The analysis of organic and inorganic soil additives indicated that selected amendments contain quite low amounts of heavy metals and thus can be classified as biosolids. Only for compost derived from organic fraction of municipal solid waste, the contents of metal elements were higher. Considering the PAH content, the highest values were found also for compost from Organic Fraction of Municipal Solid Waste (OFMSW). Whereas it is a waste of domestic origin associated directly with food, fairly high concentration of contaminants in it is surprising. Moreover, applied additives contain significant amounts of valuable organic carbon, phosphorus and nitrogen. This indicates that all used amendments are suitable for remediation purposes, according to standards and results obtained by other authors [28]. Two of the amendments, coal sludge and lake chalk (calcium carbonate based amendment), are highly mineralized, thus containing less organic carbon content.

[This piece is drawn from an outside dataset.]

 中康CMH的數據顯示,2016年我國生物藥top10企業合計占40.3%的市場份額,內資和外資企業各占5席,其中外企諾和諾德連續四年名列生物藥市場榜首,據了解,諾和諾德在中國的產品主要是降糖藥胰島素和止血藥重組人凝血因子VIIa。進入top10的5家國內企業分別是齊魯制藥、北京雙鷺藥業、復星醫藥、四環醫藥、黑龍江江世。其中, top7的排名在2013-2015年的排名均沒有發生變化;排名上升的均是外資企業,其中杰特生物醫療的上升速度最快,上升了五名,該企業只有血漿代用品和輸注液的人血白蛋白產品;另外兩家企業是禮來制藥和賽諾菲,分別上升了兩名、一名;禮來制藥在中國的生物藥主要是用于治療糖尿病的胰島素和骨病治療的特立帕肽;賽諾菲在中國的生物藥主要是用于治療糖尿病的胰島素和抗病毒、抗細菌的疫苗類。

The analysis of soil organic carbon after 18 months of the experiment indicated that growth of plants may increase the organic carbon content (Figure 1) in degraded soils. This phenomenon was confirmed by highest concentrations of soil organic carbon noted for some combinations with plants. Even for control pots, without any amendments, this effect of plants vegetation was noticed. Similar results were achieved by other authors [1], [16], [17]. It was also found that sewage sludge addition caused the least increase in soil carbon after one year of the experiment, compared to other amendments, despite the high initial carbon content. This was probably caused due to more mobile fractions of carbon in sewage sludge.

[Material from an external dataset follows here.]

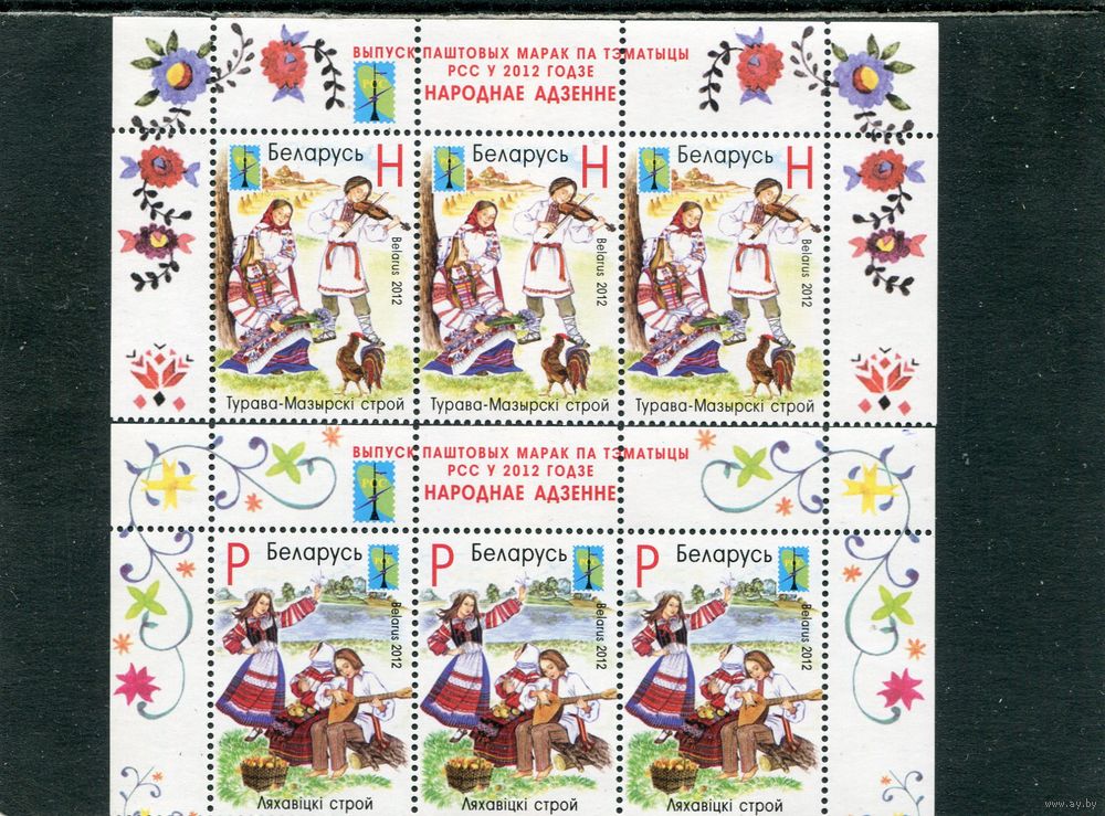 Беларусь 2012. Белорусская народная одежда, костюмы. Верхние сцепки листа

Changes in TOC content in zinc smelter soil (A) and coal mine soil (B), the letter combinations on x-axis stand for: Zinc smelter soil (MS), Brown coal mine soil (B), Sewage sludge (Ss), Municipal compost (Co1), Compost from sewage sludge (Co2), Coal slurry (Cs), Lake Chalk (LC)

Moreover, the highest values of soil organic carbon content was found for Lake Chalk (LC) amended soils. The increased carbon sequestration was evident especially for the use of LC and plants, where the effect was more pronounced. For both types of soil, contaminated smelter soil (MS) and uncontaminated mine soil (B), the carbon sequestration process was observed, regardless of the level of soil contamination. Furthermore, this phenomenon was also noted in other research [17]. During the phytoremediation of degraded soil, conducted with soil additives and plants, the improvement of many soil parameters (including immobilization of heavy metals) was obtained. It is very important to indicate the direction of changes of some soil properties and to determine the mobility of selected trace elements, especially heavy metals, which may pose a threat to the environment. Organic and inorganic soil additives, used in the pot experiment, resulted in the improvement of soil parameters.

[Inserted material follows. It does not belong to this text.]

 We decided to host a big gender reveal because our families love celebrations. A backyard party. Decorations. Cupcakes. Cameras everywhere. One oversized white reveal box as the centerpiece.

Moreover, the decreasing bioavailability and phytotoxicity of heavy metals (zinc, lead, cadmium), and restoration of vegetation cover was observed (Figures 2 - 4). The results suggest that organic and inorganic additives, used in the experiment, may be a valuable fertilizer source for supporting plant growth and development in the phytoremediation of contaminated soils.

The bioavailability of heavy metals: Zinc (Zn), Cadmium (Cd), Lead (Pb) in zinc smelter soil after growing Scots Pine (A) and Giant Miscanthus (B), the letter combinations on x-axis stand for: Zinc smelter soil (MS), Sewage sludge (Ss), Municipal compost (Co1), Compost from sewage sludge (Co2), Coal slurry (Cs), Lake Chalk (LC)

The bioavailability of heavy metals: Zinc (Zn), Cadmium (Cd), Lead (Pb) in coal mine soil after growing Scots Pine (A) and Giant Miscanthus (B), the letter combinations on x-axis stand for: Coal mine soil (B), Sewage sludge (Ss), Municipal compost (Co1), Compost from sewage sludge (Co2), Coal slurry (Cs), Lake Chalk (LC)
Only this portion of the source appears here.